-- TASK --
Write out every line below again exactly as it stands, skipping each image.

-- PROVIDED DATA --
· · · · ·
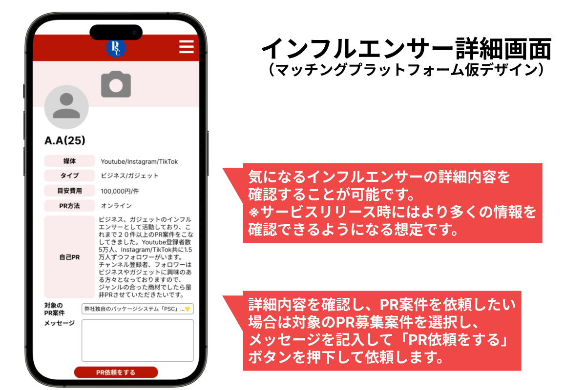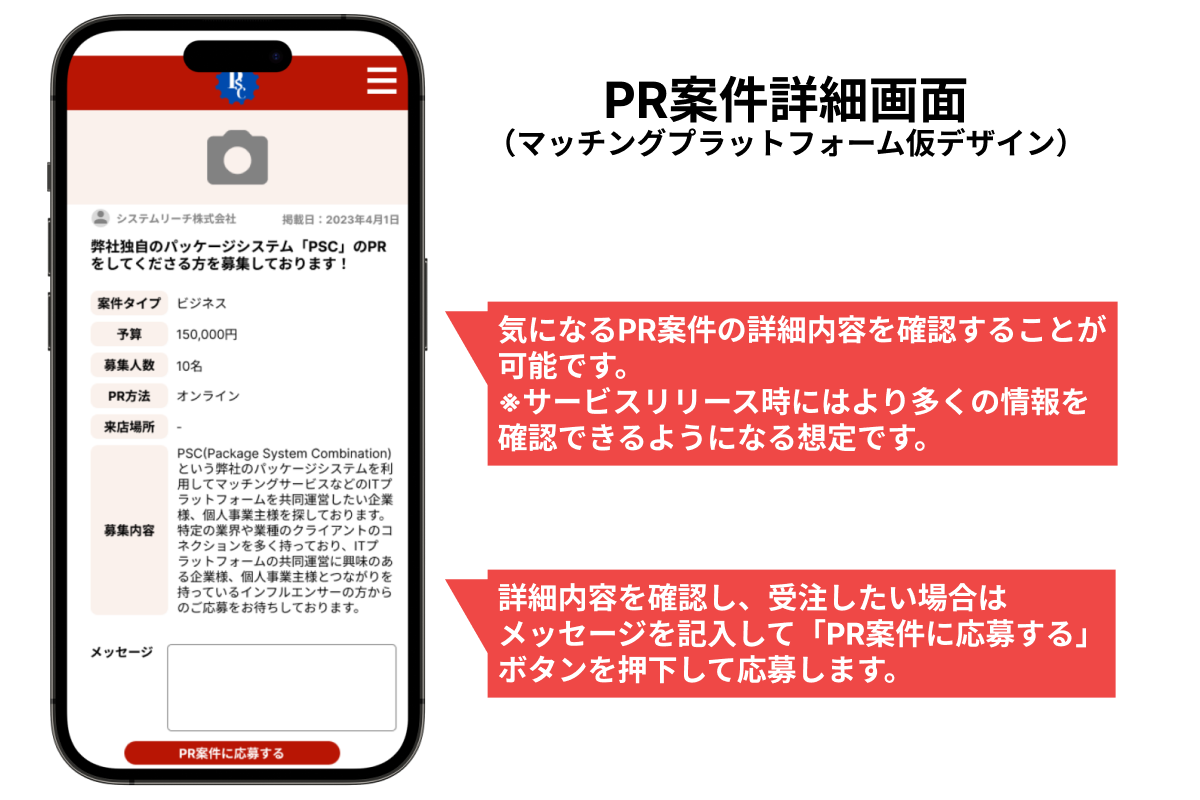 今回のプロジェクトでは、中間マージンを取らずに上記のデメリットや制約はなるべく少なくしつつも、PR案件発注者が募集を行なって発注先の比較検討ができたり、たくさんのインフルエンサーから条件を絞り込んで検索し、直接依頼する機能などの利便性はきちんと有しているマッチングプラットフォームを構築します。
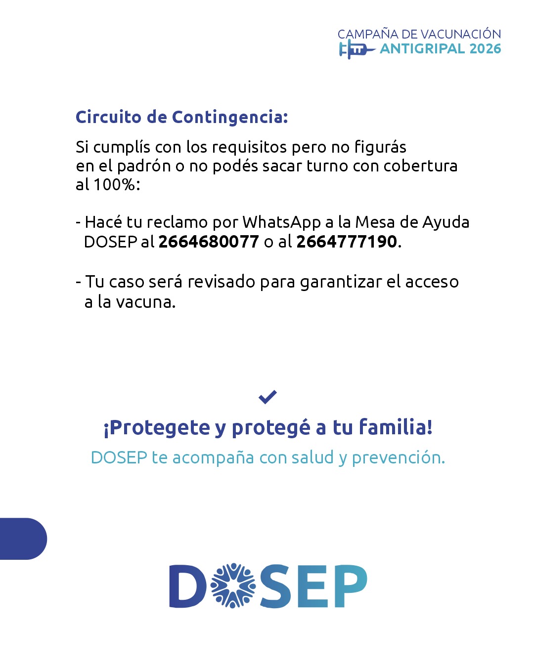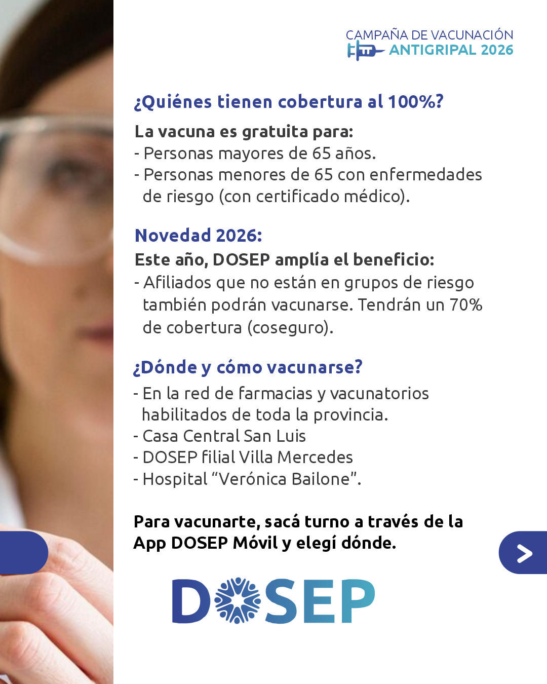 La Dirección de Obra Social del Estado Provincial (DOSEP) puso en marcha la campaña de vacunación antigripal 2026 destinada a sus afiliados, en el marco de las estrategias preventivas impulsadas por el Ministerio de Salud de San Luis de cara a la temporada invernal.
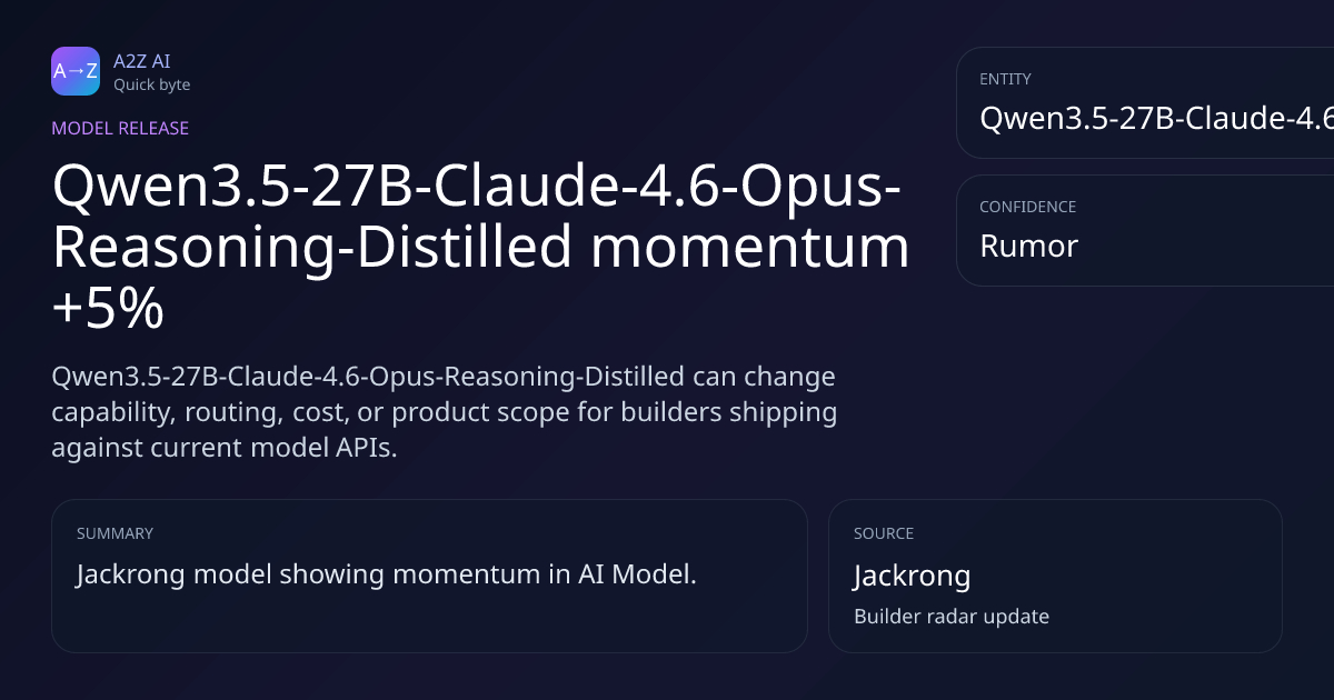 Qwen3.5-27B-Claude-4.6-Opus-Reasoning-Distilled momentum +5% Why it matters: Qwen3.5-27B-Claude-4.6-Opus-Reasoning-Distilled can change capability, routing, cost, or product scope for builders shipping against current model APIs. Rumor watch: Jackrong https://a2zai.ai/bytes/...
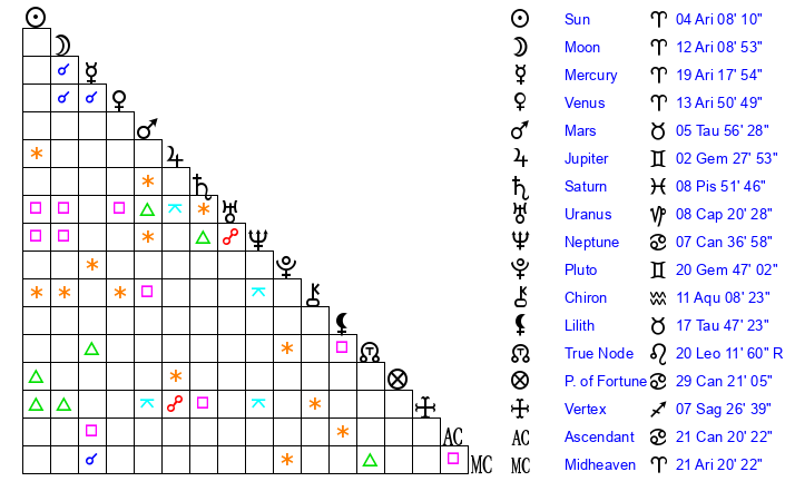 | Moon | 12 Aries 2 | 14 Aquarius 24 | 12 Leo 43 |
· · · · ·
-- ANSWER FOR THE TASK --
 今回のプロジェクトでは、中間マージンを取らずに上記のデメリットや制約はなるべく少なくしつつも、PR案件発注者が募集を行なって発注先の比較検討ができたり、たくさんのインフルエンサーから条件を絞り込んで検索し、直接依頼する機能などの利便性はきちんと有しているマッチングプラットフォームを構築します。
 La Dirección de Obra Social del Estado Provincial (DOSEP) puso en marcha la campaña de vacunación antigripal 2026 destinada a sus afiliados, en el marco de las estrategias preventivas impulsadas por el Ministerio de Salud de San Luis de cara a la temporada invernal.
 Qwen3.5-27B-Claude-4.6-Opus-Reasoning-Distilled momentum +5% Why it matters: Qwen3.5-27B-Claude-4.6-Opus-Reasoning-Distilled can change capability, routing, cost, or product scope for builders shipping against current model APIs. Rumor watch: Jackrong https://a2zai.ai/bytes/...
 | Moon | 12 Aries 2 | 14 Aquarius 24 | 12 Leo 43 |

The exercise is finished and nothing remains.